BEGIN DATA TO PROCESS
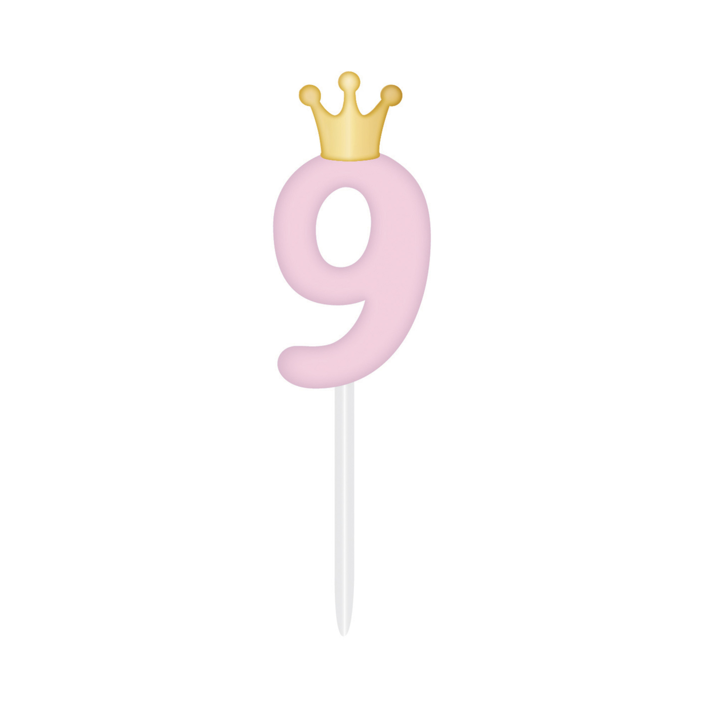 Originální dortová svíčka ve tvaru světle růžové číslice 9 se zlatou korunkou stylově dozdobí dort na dětskou narozeninovou oslavu či párty. Výška svíčky: 6 cm (10,5 cm včetně plastového zápichu) Obsah balení: 1 ks růžové svíčky s korunkou
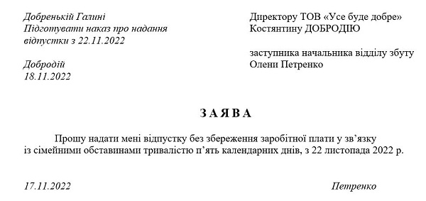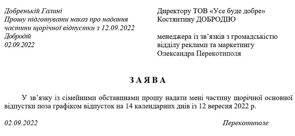 Отпуск во время военного положения – образец заявления
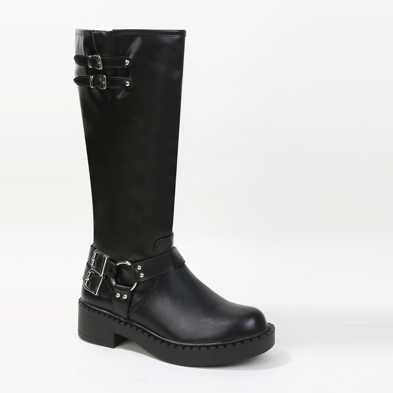 Arya Buckled Faux Leather Knee High Biker Boots
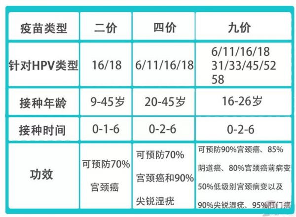相信大家都知道,目前市面上有的HPV疫苗有二价、四价、九价三款疫苗,不同疫苗针对HPV类型也不同。
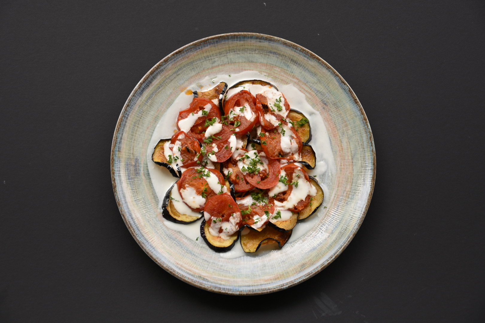 Linsen-Tomatensauce und Knoblauchjoghurt
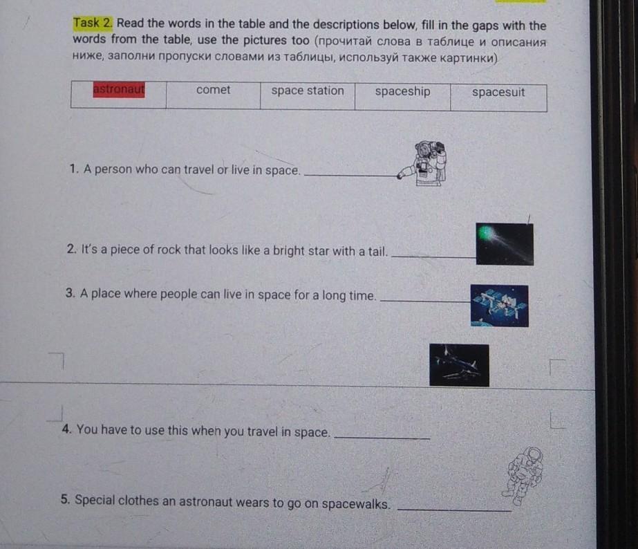 Task 2. Read the words in the table and the descriptions below, fill in the gaps with the words from the table, use the pictures too (прочитай слова в таблице и описания ниже, заполни пропуски словами из таблицы, используй также картинки) astronaut comet space station spaceship spacesuit 1 1. A person who can travel or live in space. 2. It's a piece of rock that looks like a bright star with a tail. 3. A place where people can live in space for a long time. 4. You have to use this when you travel in space. 5. Special clothes an astronaut wears to go on spacewalks.
END DATA TO PROCESS
● WHAT TO DO: Beginning with the first line of the records and ending with the line that contains "相信大家都知道,目前市面上有", reproduce every line exactly, omitting pictures and adding nothing.

● EXERCISE RESULT:
 Originální dortová svíčka ve tvaru světle růžové číslice 9 se zlatou korunkou stylově dozdobí dort na dětskou narozeninovou oslavu či párty. Výška svíčky: 6 cm (10,5 cm včetně plastového zápichu) Obsah balení: 1 ks růžové svíčky s korunkou
 Отпуск во время военного положения – образец заявления
 Arya Buckled Faux Leather Knee High Biker Boots
相信大家都知道,目前市面上有的HPV疫苗有二价、四价、九价三款疫苗,不同疫苗针对HPV类型也不同。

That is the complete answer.